Algorithm Walkthrough

  1. Read the number of test cases t.
  2. For each test case, read n and the array a.
  3. Compute the sum S of the array a.
  4. If S equals n, print 0. The array already has mean one.
  5. If S < n, print 1. A single appended number n - S brings the mean to one.
  6. If S > n, print S - n. Appending this many zeros will increase the length so that the mean reaches one.

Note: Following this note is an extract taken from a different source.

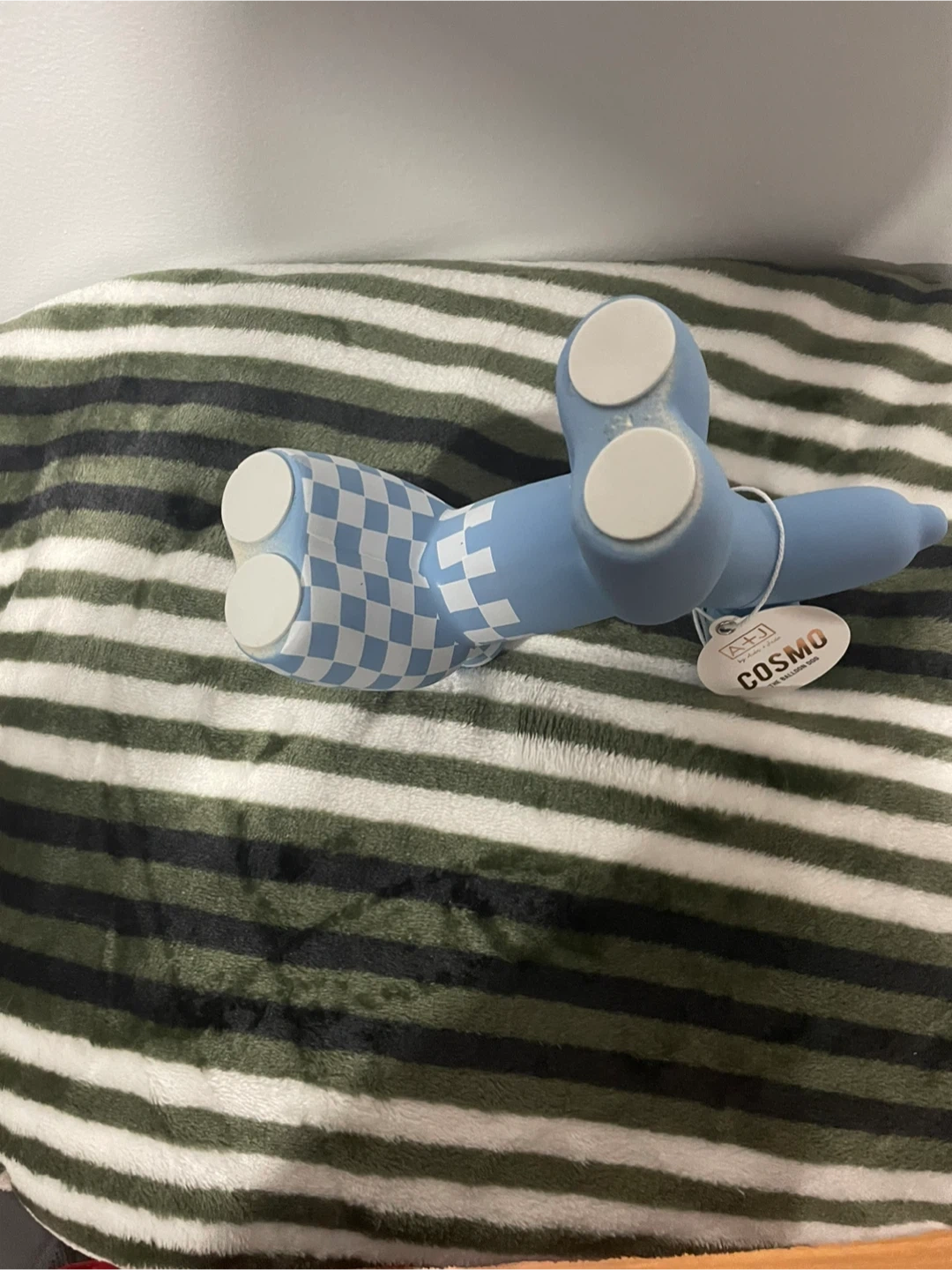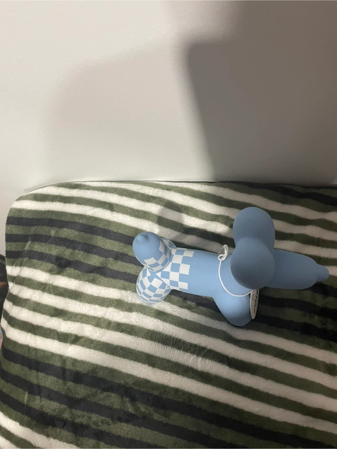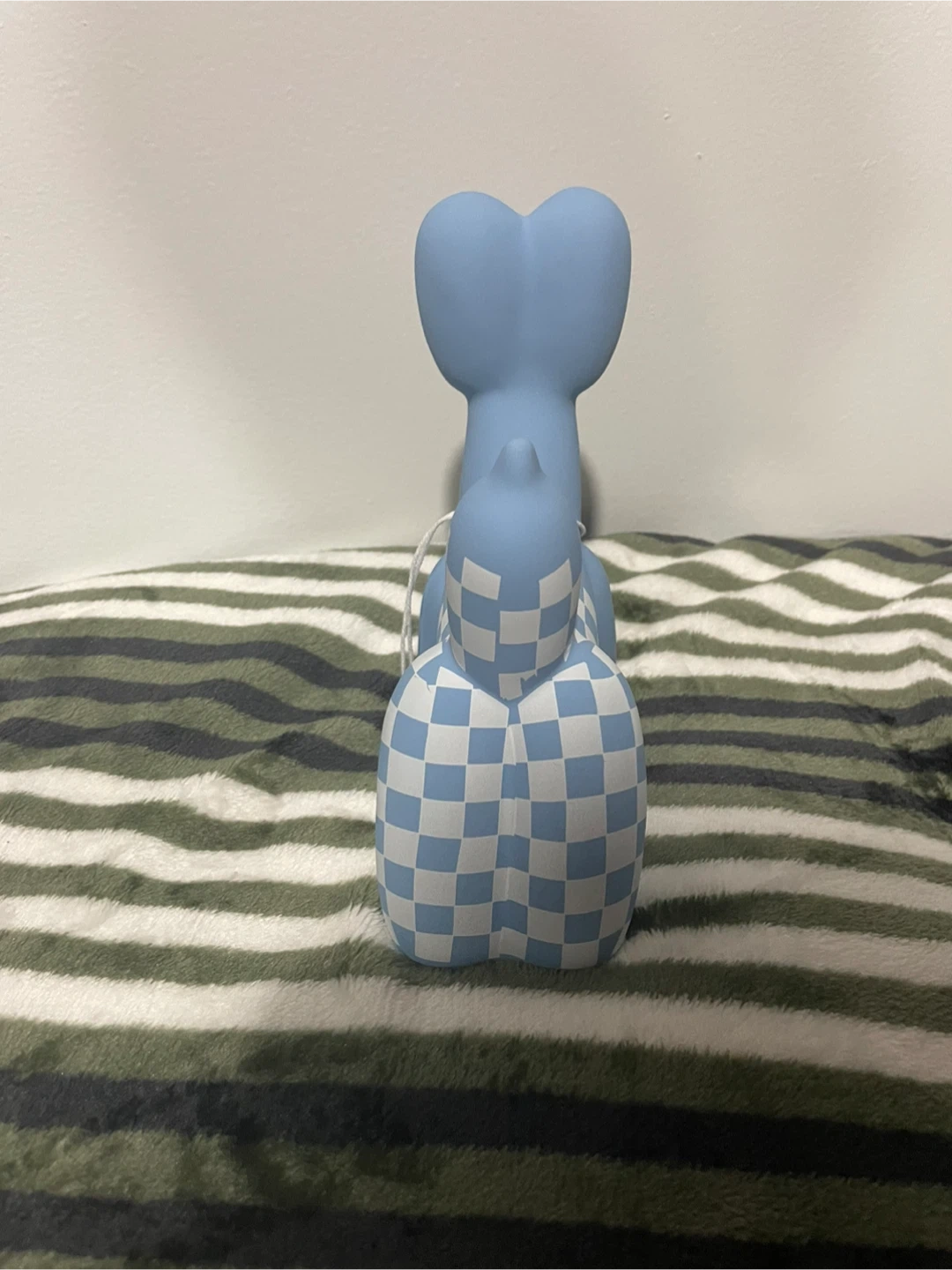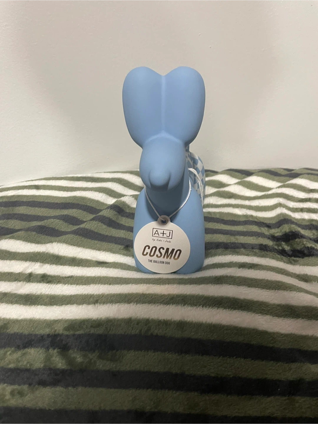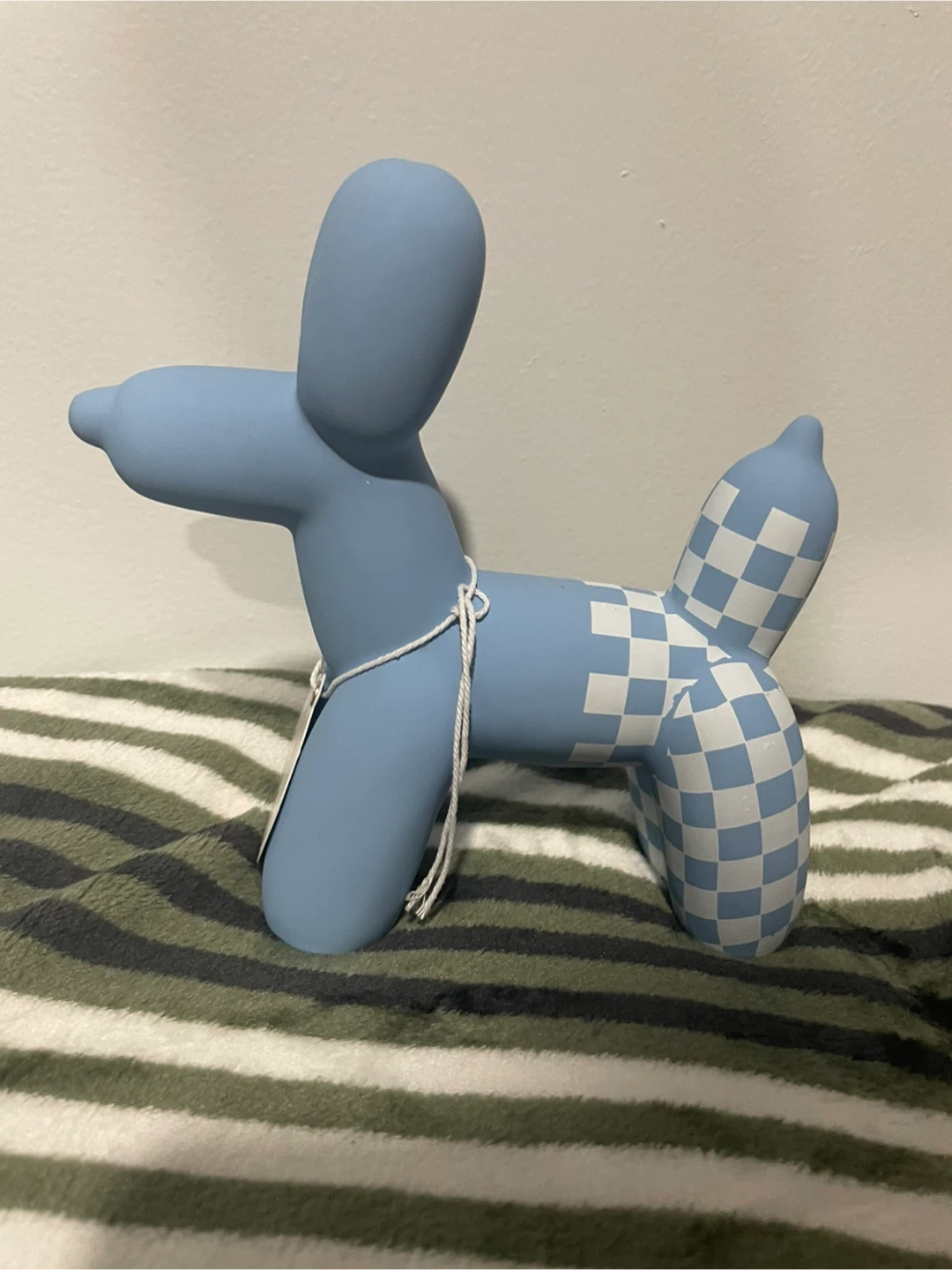 This is a cute A+J Cosmo The Balloon Dog figurine. It's blue with a white checkered pattern on the back. Would look great in a kid's room or anywhere you want to add a touch of whimsy!
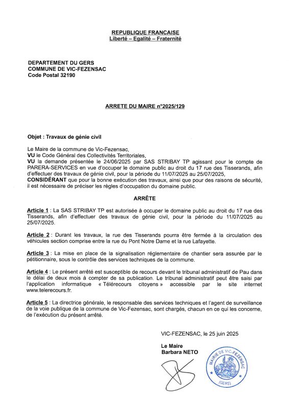 25-06-2025 - Arrêté n°2025/129 - Travaux de génie civil (rue des Tisserands)

Why it works: The algorithm preserves the invariant that the mean of the final array is exactly one. The three cases cover all possibilities: equality, sum less than length, and sum greater than length. The sum and number of elements uniquely determine the mean, so no other scenario exists.

Python Solution

import sys
input = sys.stdin.readline

t = int(input())
for _ in range(t):
    n = int(input())
    a = list(map(int, input().split()))
    s = sum(a)
    if s == n:
        print(0)
    elif s < n:
        print(1)
    else:
        print(s - n)

The solution reads inputs efficiently using sys.stdin.readline. The sum is computed with the built-in sum, avoiding manual loops. Each decision branch corresponds directly to one of the three cases in the algorithm walkthrough. Off-by-one errors are avoided because the formula derives from exact equality of sums and lengths.

Worked Examples

Sample Input 1

3
1 1 1
2 1 2
4 8 4 6 2
Array n Sum S Case Appended New Mean
[1,1,1] 3 3 S=n 0 1
[1,2] 2 3 S>n 1 1
[8,4,6,2] 4 20 S>n 16 1

This trace shows that each branch of the case analysis triggers correctly. In the third example, appending 16 zeros adjusts the length to 20, making the mean 1.

Sample Input 2

1
1 -2
Array n Sum S Case Appended New Mean
[-2] 1 -2 S<n 1 1

A single appended 3 brings the mean to 1, confirming the S<n case handling.

Complexity Analysis

Measure Complexity Explanation
Time O(n) per test case Summing the array of length n is linear
Space O(n) Storage of input array, no extra structures needed

Given n ≤ 50 and t ≤ 1000, this is efficient within the 1-second time limit.

Test Cases

import sys, io

def run(inp: str) -> str:
    sys.stdin = io.StringIO(inp)
    output = io.StringIO()
    sys.stdout = output
    t = int(input())
    for _ in range(t):
        n = int(input())
        a = list(map(int, input().split()))
        s = sum(a)
        if s == n:
            print(0)
        elif s < n:
            print(1)
        else:
            print(s - n)
    return output.getvalue().strip()

# Provided samples
assert run("4\n3\n1 1 1\n2\n1 2\n4\n8 4 6 2\n1\n-2\n") == "0\n1\n16\n1", "sample cases"

# Custom cases
assert run("2\n2\n0 0\n3\n2 2 2\n") == "1\n3", "zero sum and all equal >1"
assert run("1\n1\n1\n") == "0", "single element already 1"
assert run("1\n2\n-1 3\n") == "1", "mixed negative and positive"
assert run("1\n4\n5 5 5 5\n") == "16", "large sum > length"
Test input Expected output What it validates
2\n2\n0 0\n3\n2 2 2\n 1\n3 Handling sum < n and sum > n correctly
1\n1\n1\n 0 Single element case where mean already 1
1\n2\n-1 3\n 1 Mixed negative and positive numbers
1\n4\n5 5 5 5\n 16 Large sum, multiple zeros needed

Edge Cases

For a single-element negative array, for example [-5], S < n. The algorithm appends 1 number equal to 6, yielding [-5,6]. Sum 1, length 2, mean 1.

For an array where all elements are larger than one, e.g., [10,10], S > n. Appending S - n = 20 - 2 = 18 zeros gives [10,10,0,...,0] (20 elements). Sum 20, length 20, mean 1.

These examples confirm the three-case approach handles extreme negative sums, large positive sums, and single-element arrays without off-by-one errors.